Gas in Bayside: The beginning of the end?

Council to seek advice from the state government on the feasibility of banning gas in new developments in Bayside.

Bayside Council will investigate the viability of prohibiting gas installations in new buildings, with a motion passing to seek advice from the NSW Department of Planning on the issue.

The motion was presented by Cr Greta Werner at last week's council meeting in an effort to save residents money on their power bills, reduce carbon emissions and the adverse health effects of gas on the community, and future-proof the suburb for a renewable energy future.

The move may see council follow in the footsteps of other LGAs including Canterbury-Bankstown, which has refused developers gas connections on some new buildings.

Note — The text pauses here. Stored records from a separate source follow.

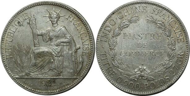O696 Scarce Indochina 1 Piastre 1921 H Heaton Argent Silver AU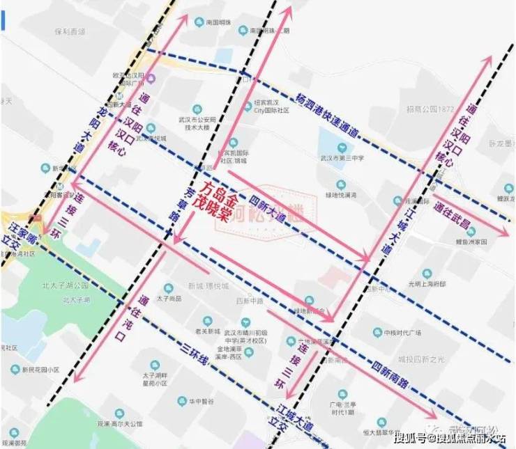 汉阳经历多年的发展,如今正在形成以四新方岛、月湖-琴台、归元-钟家村片为拉锯发展的汉阳铁三角。而方岛金茂海棠所在的四新方岛如今也是风头正盛。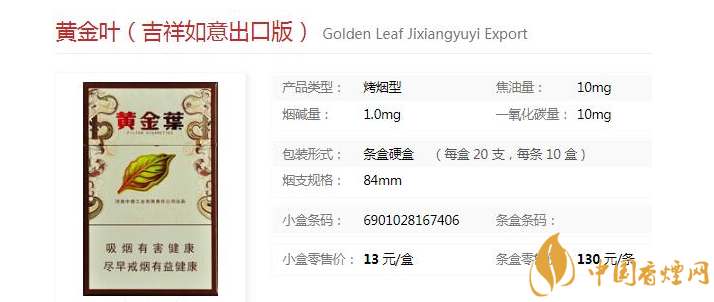 以上便是對黃金葉吉祥如意出口版香煙的價格及圖片介紹,希望為煙民提供幫助。小編在此告誡大家,抽煙對身體有傷害,希望大家盡早戒煙。想了解更多黃金葉香煙的相關(guān)內(nèi)容,歡迎點擊:喜滿堂香煙好抽嗎 黃金葉喜滿堂價格及口感分析一覽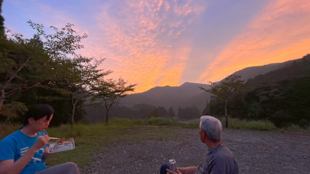 誰もいない広々とした場所で、ご飯を食べながらお酒も進み、ゆっくりと良い時間。
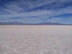 The Salinas Grandes are located in the north in the provinces of Jujuy and Salta (in Argentina), at an average altitude of 3,450 meters (11,320 feet) above sea level. It covers an area of 212 km2 (82 sq mi) and is well-known for its vast white desert.[1] The desert is about 320 km (200 mi) long.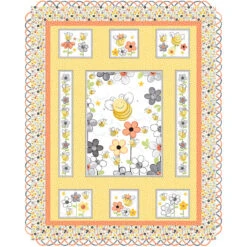 Make a bee-utiful quilt for the littlest one in your brood. This adorable quilt kit features a center panel with smiling honey bees buzzing about surrounded by blooming flowers.

“Advocates such as Saul Griffith, say that each household can save $5000 per year on energy bills by electrifying homes,” said Cr Werner.

Saul Griffith, inventor and renewable energy advocate, has made headlines with his ambitious proposals to “electrify everything” with existing, cheap technology to rapidly decarbonise the Australian economy.

“This motion is to simply find out what we can actually do as a council to put a prohibition on gas…I think this would save people a lot of money in the future and be really beneficial for our residents,” said Cr Werner.

The first part of the two-pronged motion, which proposes council facilities are electrified when current gas facilities need upgrading or renovations, attracted little debate as council already plans to go ahead with this.

Its more ambitious component, however – to investigate putting a community-wide moratorium on gas – was criticised by other councillors at the meeting.

“Great idea maybe, but there is a lot of money that has to come out for everybody; it’s not just if you have the induction heating, you’ve got to have new saucepans,” said Cr Liz Barlow, who is sceptical of electrification.

“I believe in gas; that’s my problem. I’ve worked with it in my house for forty-odd years,” the councillor said.

Currently, residents who want to go gas-free must pay a disconnection fee from the gas main.

Cr Werner, who put the motion forward, said that from her experience, switching off gas is inexpensive, saves money on power bills and that over “80% of pans” worked on her portable induction cooktop that she and her family now uses instead of their gas stove.

Werner also claimed that a prohibition on gas in new buildings would not ban the use of portable gas bottles.

Another critic of the idea, Cr Mark Hanna, said he would prefer to see “market forces” slowly push gas out of the market rather than “imposing things onto people,” while Cr Ed McDougall questioned whether such a ban would have any effect on carbon emissions.

“People aren’t going to stop using their heaters because they have switched from gas to electricity, and that electricity will ultimately come from gas until you are actually pulling fossil fuels out of the electricity network,” said Cr McDougall.

Responding to these concerns, ardent supporter of climate action Cr Heidi Lee Douglas emphasised council’s role in addressing climate while saving residents money and reducing gas-related illness.

“The renewable transition is happening at the federal and state level, and by future-proofing our local buildings here, by getting them off gas, we are actually saving them from future costs of transitioning out of gas,” she said.

“We know we have to get out of gas, we know we have to get out of coal, we have signed the Paris Agreement.”

While gas emits roughly 50% less greenhouse gas than coal, vast quantities of methane that can escape during gas extraction can make this difference much smaller.

Gas in homes is estimated by the Climate Council to be responsible for 12% of childhood asthma in Australia. Photo: Climate Council

According to a report by the Climate Council, gas in homes significantly increases rates of illness, including asthma and cancer, which disproportionately affects children.

“A child living with gas cooking in the home faces a comparable risk of asthma to a child living with household cigarette smoke,” said the report.

Advice from the Department of Planning is expected to be reported at the next Planning and Environment Committee meeting on May 10.

“We have transitioned out of gas in our home very simply by buying a cheap induction cooktop and an air-fryer; we didn’t have to change any of our pots and pans, it was very simple, and it actually saved us money,” said Cr Douglas.